GEOCHEMICAL ANALYSIS BASICS
Geochemical analysis is used to determine the type and
quantity of organic carbon and other properties of
unconventional reservoirs and source rocks. Organic carbon
in the form of kerogen is the remnant of ancient life preserved in
sedimentary rocks, after degradation by bacterial and chemical
processes, and further modified by temperature, pressure, and time.
The latter step, called thermal maturation, is a function of burial
history (depth) and proximity to heat sources.

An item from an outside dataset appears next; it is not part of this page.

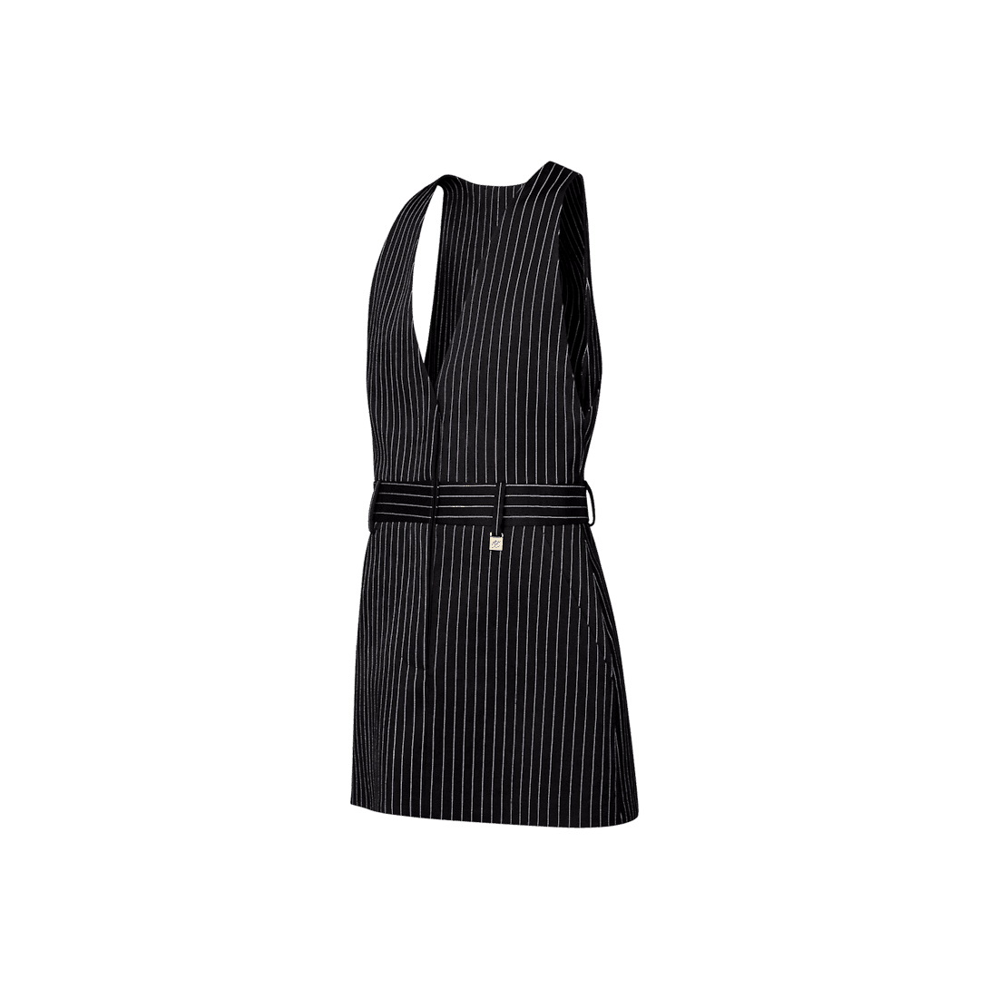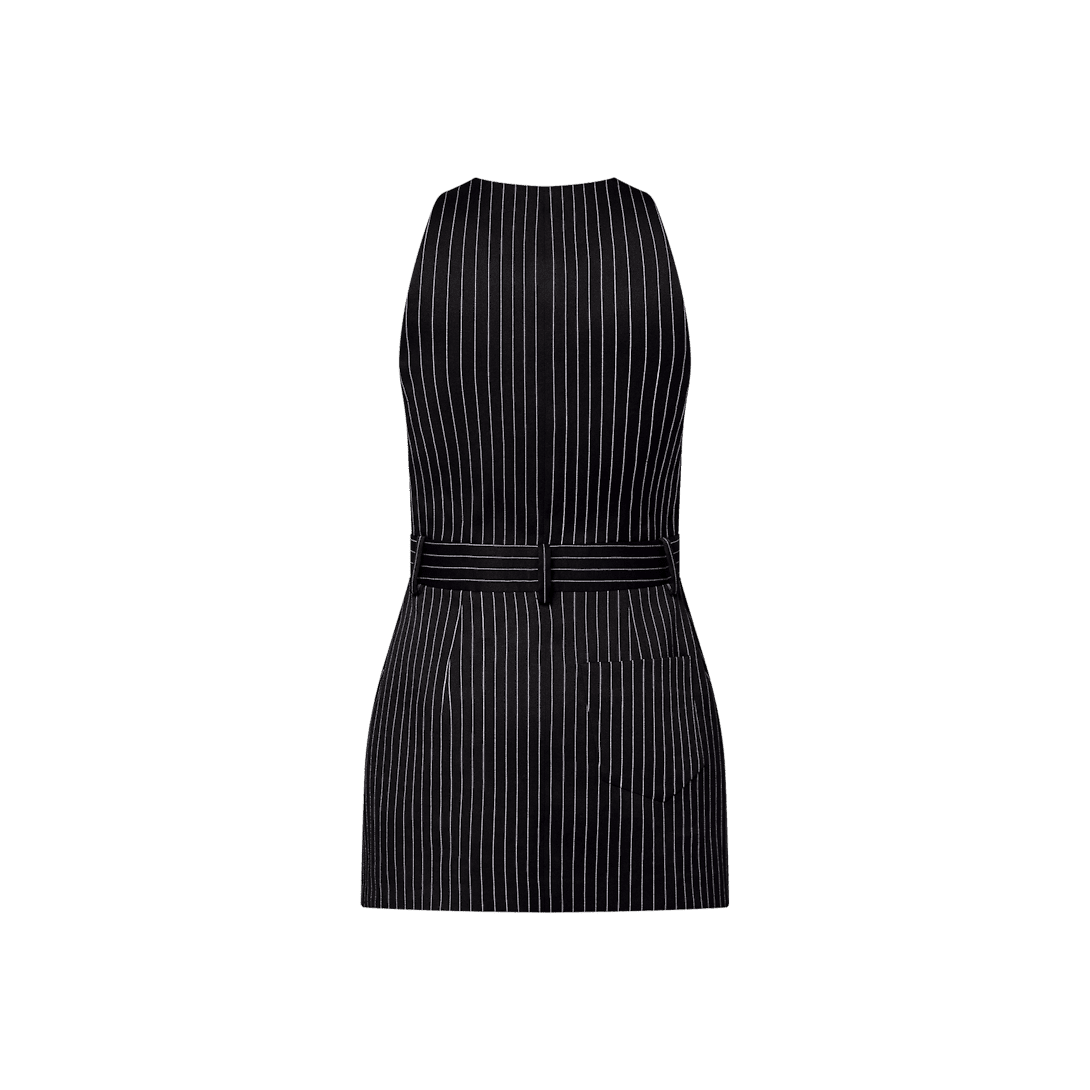 This dress is crafted from pinstriped silk-cotton for a structured, tailored feel. The top is cut in a clean crossover shape that mimics the look of a waistcoat, while a discreetly contrasting waistband with belt loop details introduces a trompe l’oeil feel to the silhouette. Signed with a metallic Louis Vuitton tab.

Maturation provides
the chemical reactions needed to give us gas, oil, bitumen,
pyrobitumen, and graphite (pure carbon) that we find while drilling
wells for petroleum.
Organic
carbon is usually associated with shales or silty shales,
but may be present in relatively clean siltstone, sandstone, and carbonate rocks.
A source rock is a fine grained sediment
rich in organic matter that could generate crude oil or natural gas
after thermal alteration of kerogen in the Earth's crust. The oil or
gas could then migrate from the source rock to more porous and
permeable sediments, where ultimately the oil or gas could
accumulate to make a commercial oil or gas reservoir.
If a source rock has
not been exposed to temperatures of about 100 °C, it is termed a
potential source rock. If generation and expulsion of oil or gas
have occurred, it is termed an actual source rock. The terms
immature and mature are commonly used to describe source rocks and
also the current state of the kerogen contained in the rock.
Total organic
carbon (TOC) as measured by laboratory techniques historically has
been used to assess the quality of source rocks,
but now is widely used to help evaluate some unconventional reservoirs
(reservoirs that are both source and productive).
Pathways that
convert living organisms to organic carbon, from "Bitumens,
Asphalts, and Tar Sands" by
George V.
Chilingar,
Teh Fu Yen, 1978.
In the lab, it is relatively easy to distinguish kerogen from hydrocarbons:
kerogen is insoluble in organic solvents, oil and bitumen are
soluble. Pyrobitumen is not soluble but its hardness is used to
identify it from kerogen.
Graphite is evident on resistivity logs because of the very
low resistivity; all other forms of organic carbon are resistive.
Organic
carbon has a density near that of water, so it looks like porosity
to conventional porosity logs. High resistivity with some apparent porosity on a log
analysis is a good indicator of organic carbon content OR
ordinary hydrocarbons OR both.
TYPES OF KEROGEN
Organic
material can be classified according to the source of
the material, as shown below.
Origin, type, source, and
hydrocarbon potential of different kerogens.
Organic content in gas shales is usually Type II,
as opposed to coals, which contain mostly Type III
The
most commonly utilized scheme for classifying organic matter in
sediments is based on the relative abundance of elemental carbon,
oxygen, and hydrogen plotted graphically as the H/C and O/C ratio on
a so called Van Krevelen diagram.
The classic Van Krevelen diagram
Rather than plot the elemental ratios it is common to plot indices
determined by a pyrolysis technique referred to as Rock Eval. In the
pyrolysis techniques two indices are determined: the Hydrogen Index
(HI) which is milligrams of pyrolyzable hydrocarbons divided by TOC
and the Oxygen Index (OI) which is milligrams of pyrolyzable organic
carbon dioxide divided by TOC.
Cross-plots of both elemental H/C and O/C ratios or of HI and OI are
utilized to discriminate four ‘fields’ which are referred to as
Types I, II, III, and IV kerogen.
Type I kerogen is hydrogen rich (atomic H/C of 1.4 to 1.6: HI of >
700) and is derived predominantly from zooplankton, phytoplankton,
micro-organisms (mainly bacteria) and lipid rich components of
higher plants (H/C ratio 1.7 to 1.9).
Type II kerogen is intermediate in composition (H/C ≈ 1.2: HI ≈ 600)
and derived from mixtures of highly degraded and partly oxidized
remnants of higher plants or marine phytoplankton.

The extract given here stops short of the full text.